Critical accuracy note: Water softeners do NOT remove nitrates. The ion exchange process targets calcium and magnesium exclusively. Bakersfield homeowners concerned about nitrate levels need a reverse osmosis system at their drinking water tap in addition to whole-house water softening.

Iron in Bakersfield Water

Iron contamination in Bakersfield originates from the area's iron-rich sedimentary geology and aging distribution infrastructure. Most commonly present as ferrous iron (dissolved and invisible), it oxidizes into ferric iron when exposed to air or chlorine, creating the characteristic red-orange staining on fixtures, sidewalks, and laundry.

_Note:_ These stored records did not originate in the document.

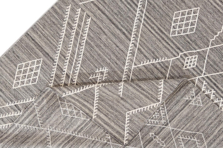 Beautiful Contemporary Flatweave Rug, hand-knotted wool with a charcoal field in an allover classic design.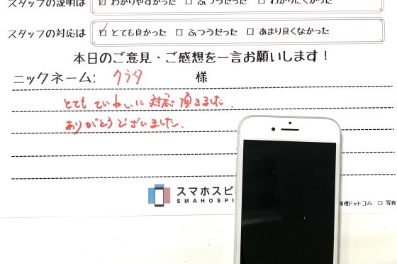 iPhone8 画面交換にてご利用のお客様のコメント!
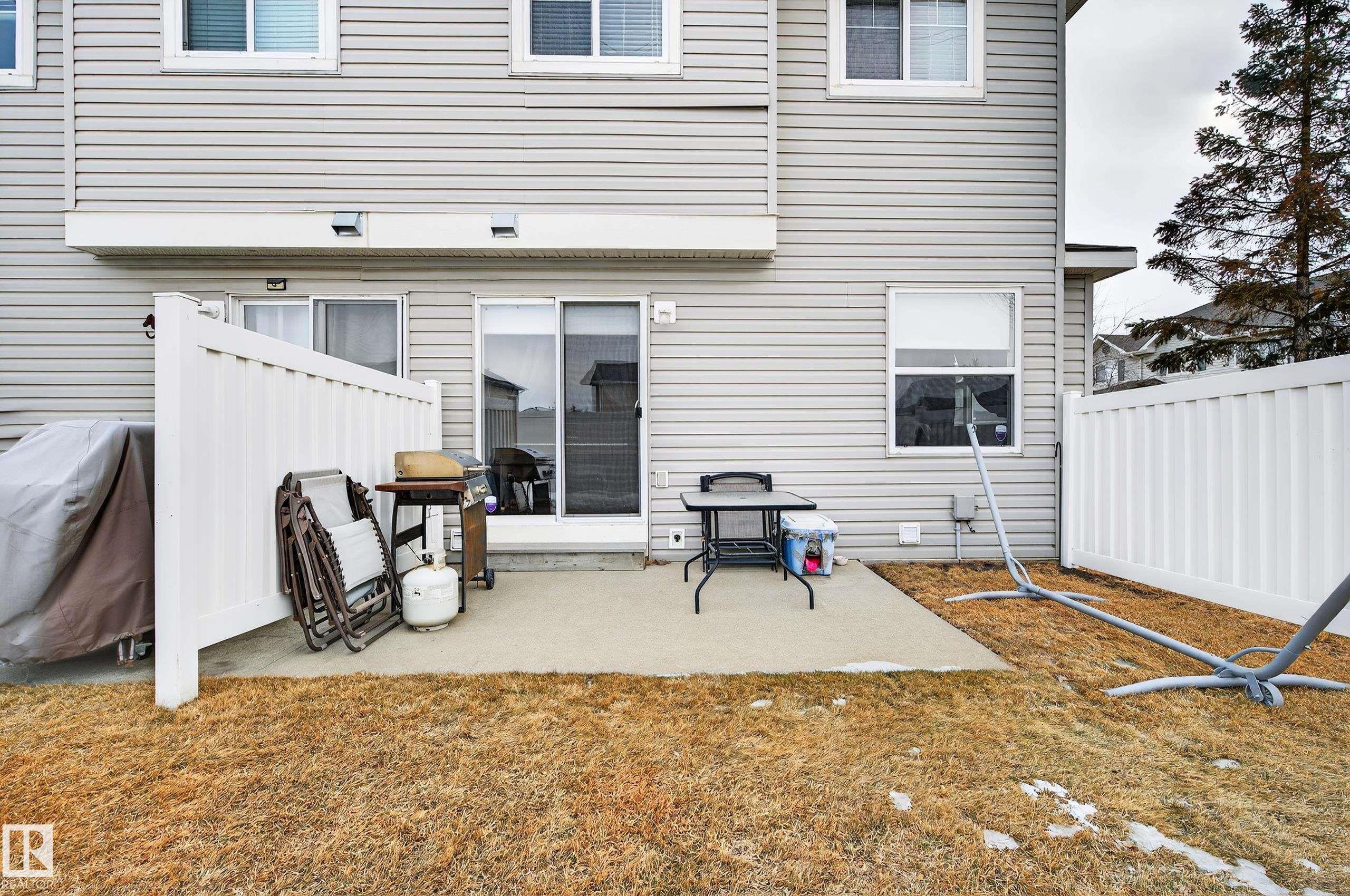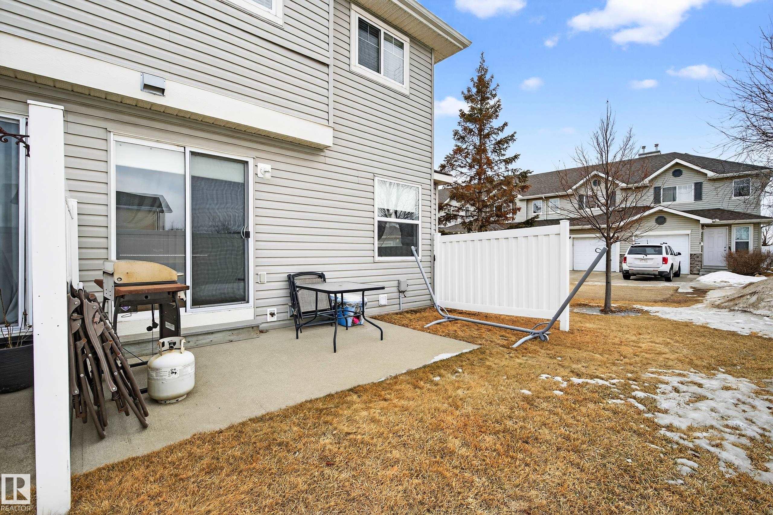 Welcome to Stonebridge! This 3 bdrm, 1.5 bath with single attached garage end unit townhouse condo, is ready for you to move in. This spacious 1200 sq ft townhouse has ample cabinets and black appliances, including a gas stove in kitchen and an eating bar, as well as a dining room. From the living room you can access the back patio through sliding glass doors. The flooring is ceramic tile and laminate flooring throughout, no carpets. There is also a 2 pce bath on main floor. The upper level has 3 bedrooms, all a good size with a walk-in closet in the primary bdrm and also has a 4 pce bathroom to complete the upper level. All levels are wired for speakers. Some areas have also been painted, including the baseboards. The basement is unspoiled and has a bathroom rough-in connection for future development potential. The garage pad is extended so that you can park 2 vehicles in the front of the garage. Close to everything - Anthony Henday, South Edmonton Common, Ellersllie and more. Great Complex!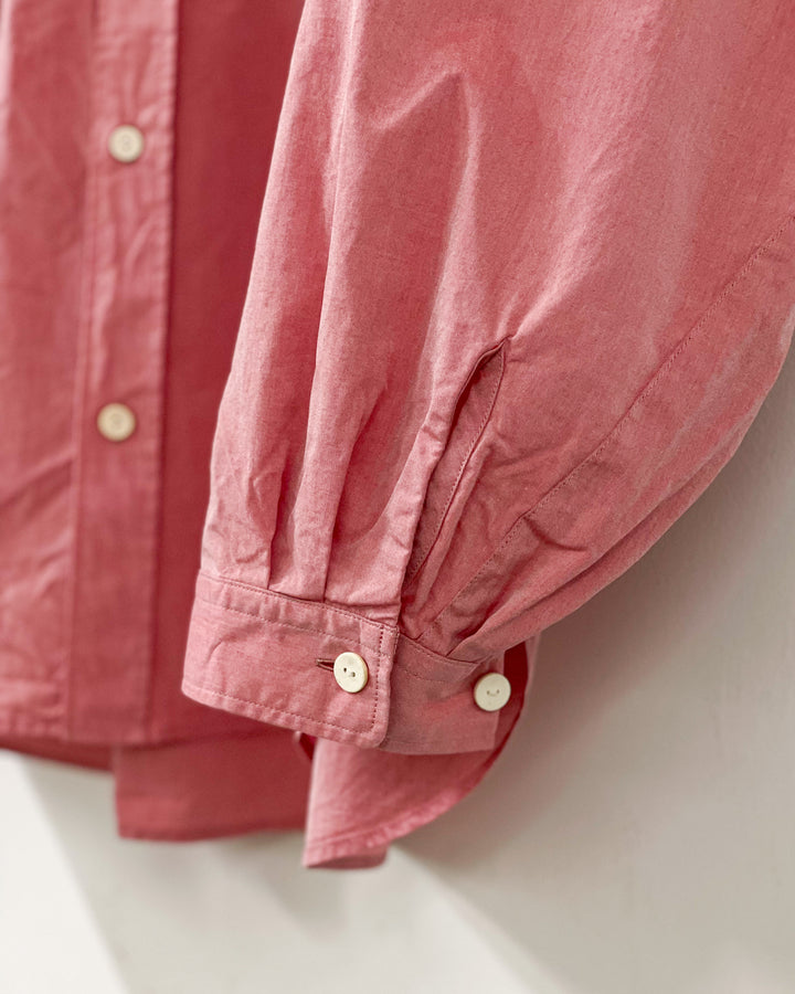 今回はREDとMINTの鮮やかな好配色がとても気分のコットンシャンブレー素材を採用。ワンウォッシュで仕上げられており、軽く柔らかで、通気性も良い春夏に適した一着に仕上がっています。
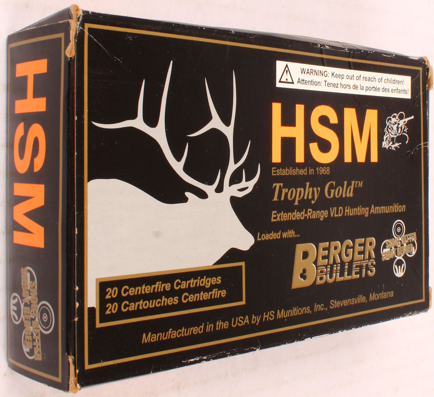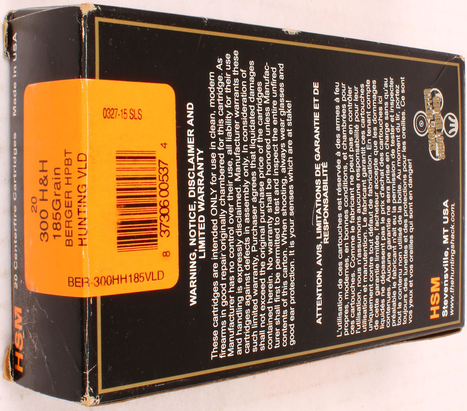 HSM, Trophy Gold, 300 H&H, 185 Grain Berger HPBT Hunting VLD, Full, 1pc., multi-colored box, box is solid with excellent color, Ammo is excellent. Grade: Excellent ++ - Value: 20 to 80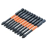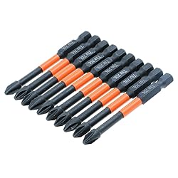 - FeaturesImpact Tough #2 Phillips Bit — Impact Shock Absorbent Zone stands up to impact drivers. It can be handle a new generation of high torque impact drivers.more powerful than ordinary cheap phillips head screwdriver set, longer life.Standard Sizes--These 10 packs of 2 Philips Bits, 2 inch long, fit wood screws from #5 to #9, metric machine screw sizes M3.5, M4, M5, and SAE machine screw sizes #5 to #10. 1/4" hexagonal handle, compatible with most electric drills, suitable for many home work and industrial applications. Magnetic Phillips Bit--These high hardness & magnetic Phillips bits, Heat-treated manufacturing for stronger bit,magnetized sufficiently that screws can be easily fixed and removed, do not decay magnetic after multiple uses, ensuring long-lasting. TS2 Alloy Steel--using high quality solid tool steel TS2 alloy steel, wear resistance and strong impact resistance, hardness reaches 63HRC, can be used for high intensity conditions, Phosphorized black surface to prevent rust. 1/4 Hex Shank — 1/4 inch hex shank, fit for electric screwdrivers, hand screwdrivers, electric drills, air drills and impact drill etc.with storage case,convenient storageSpecificationsMaterial:TS2 Length:2-3/4 inch#2 Phillips BitPackage include 10 x PH2 High Torque Impact Driver Bits1 x plastic storage case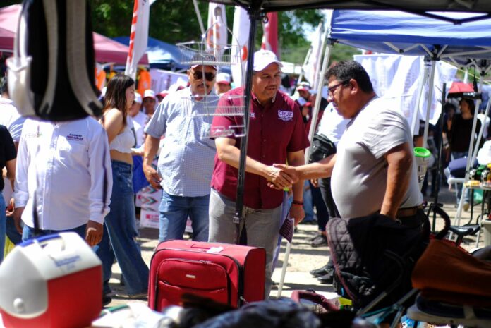 El candidato a la alcaldía por la coalición “Sigamos Haciendo Historia en Chihuahua”, Cruz Pérez Cuéllar, visitó el Mercado Las Rosas para presentar sus propuestas de campaña y escuchar las inquietudes de los comerciantes y ciudadanos.
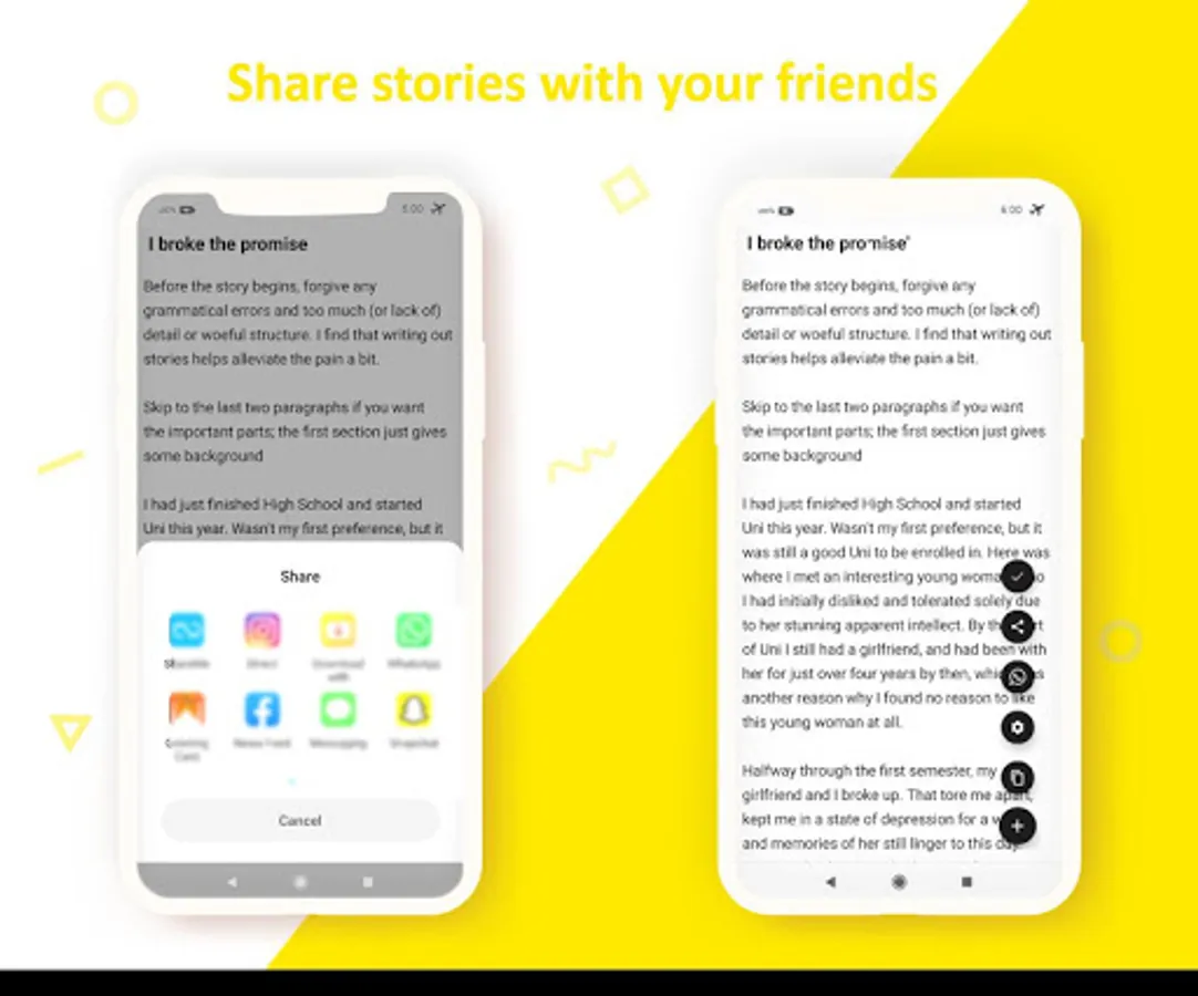 Copy any Story and share with your friends via WhatsApp, Facebook, and Twitter

At 12.3 GPG, iron bonds chemically with calcium deposits, creating compounded staining that's exponentially harder to remove than either mineral alone. Bakersfield residents typically first notice iron contamination as rust-colored rings in toilet bowls and orange streaks on concrete surfaces where sprinklers hit regularly.

Iron levels above 0.3 mg/L — common in several Bakersfield neighborhoods — will foul softener resin over time, reducing the system's efficiency and requiring more frequent regeneration cycles. For optimal SoftPro Elite HE performance in high-iron areas of Bakersfield, an iron pre-filter upstream of the softener is essential.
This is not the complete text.